Reconstituting the memorial has become almost routine; there is even a Web site that people can use to order flowers to be delivered to the bridge. Indeed, many aspects of memorializing Namtsov have become routine, Mityushkina said. Because Nemtsov’s daughter Zhanna, who used to tend to his grave, has had to leave the country, so the task has fallen to the volunteers. They also organize an annual march to commemorate the killing; this past weekend, it drew about eight thousand participants—the lowest number yet. Solidarity also organized a one-day exhibit on the anniversary of the murder. The activists took the name for the exhibit from something Nemtsov said in his last interview, given a few hours before his death: “The Price of Freedom Is High.”
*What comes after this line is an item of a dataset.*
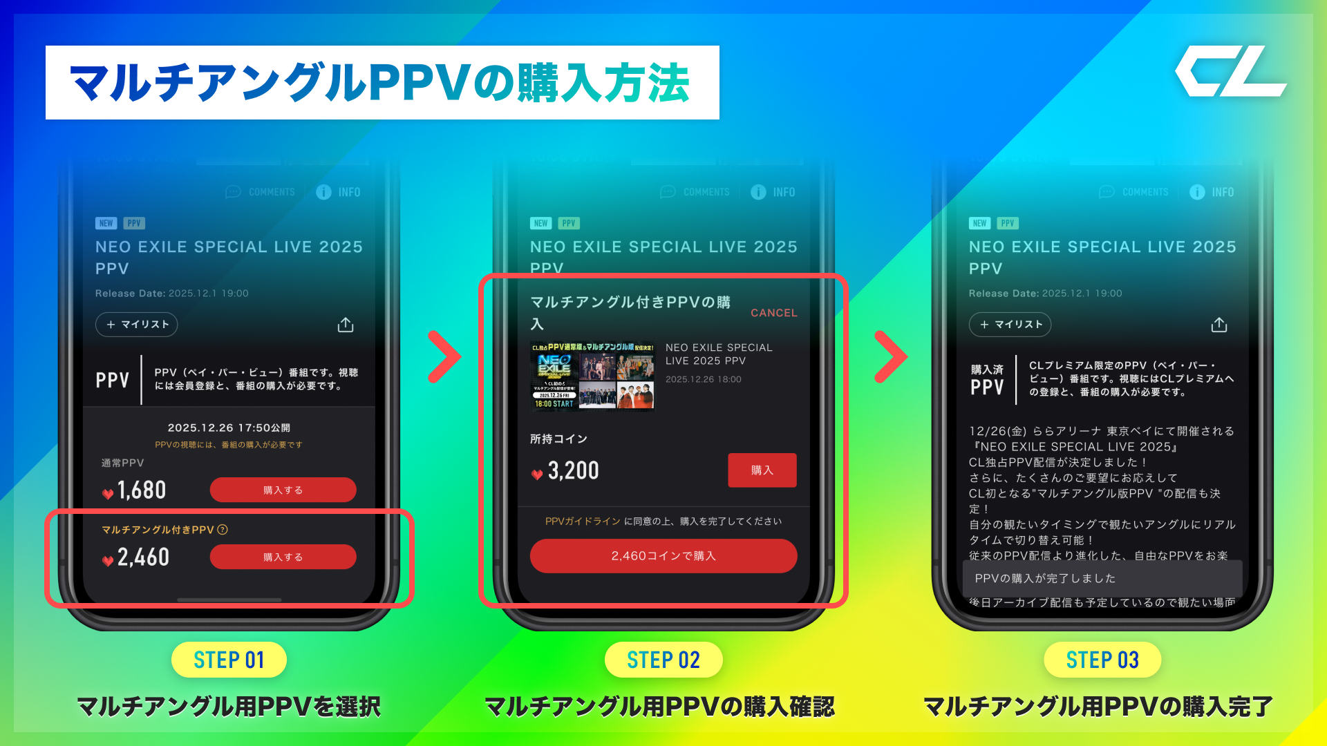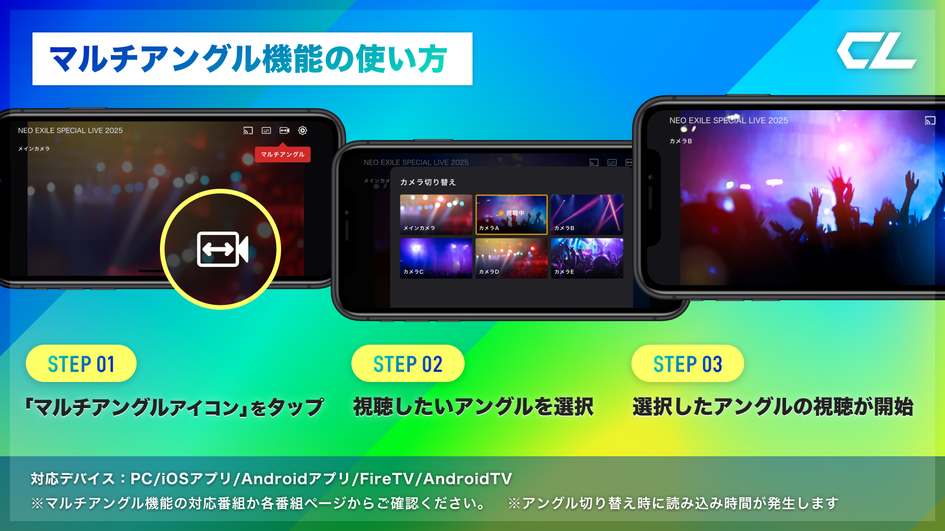 こうした声と、CLが長年培ってきた映像配信技術を活かし、今回のマルチアングル機能が実現しました。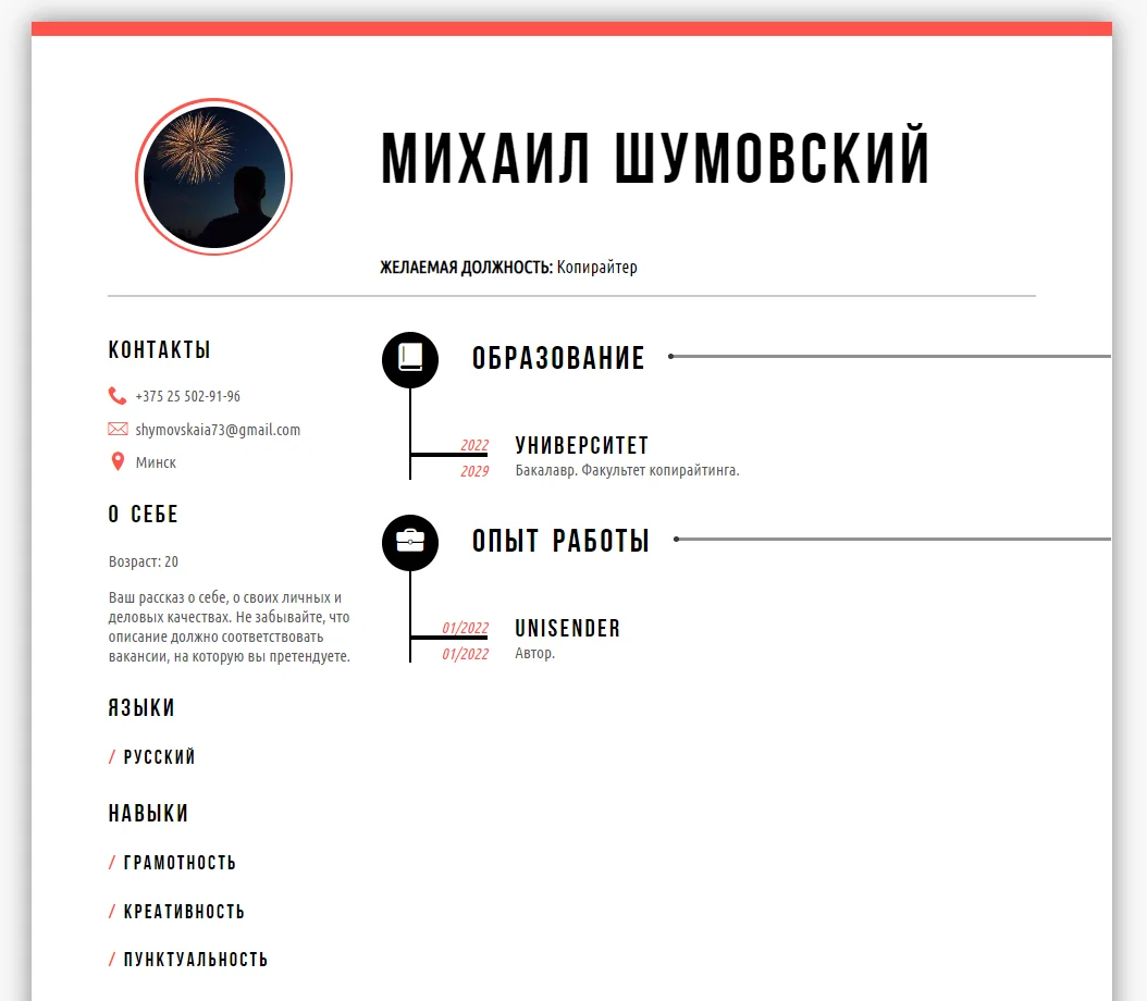 Если вы хотите создать резюме на отдельном сайте, воспользуйтесь бесплатным конструктором лендингов от Unisender:

The price of maintaining the memorial can seem awfully high, too, what with the flowers, and the portraits that must be printed and framed anew every time, and the hours logged by volunteers who work six-hour shifts in all kinds of Moscow weather. It may seem quixotic to risk death to protect a constellation of flowers, photographs, and flags. But it is perhaps the most radical political statement possible in Russia today, and it is being made, around the clock, by a bunch of ragtag volunteers standing a stone’s throw from the Kremlin: there lived a man named Boris Nemtsov, he fought to the death, and he will not be forgotten.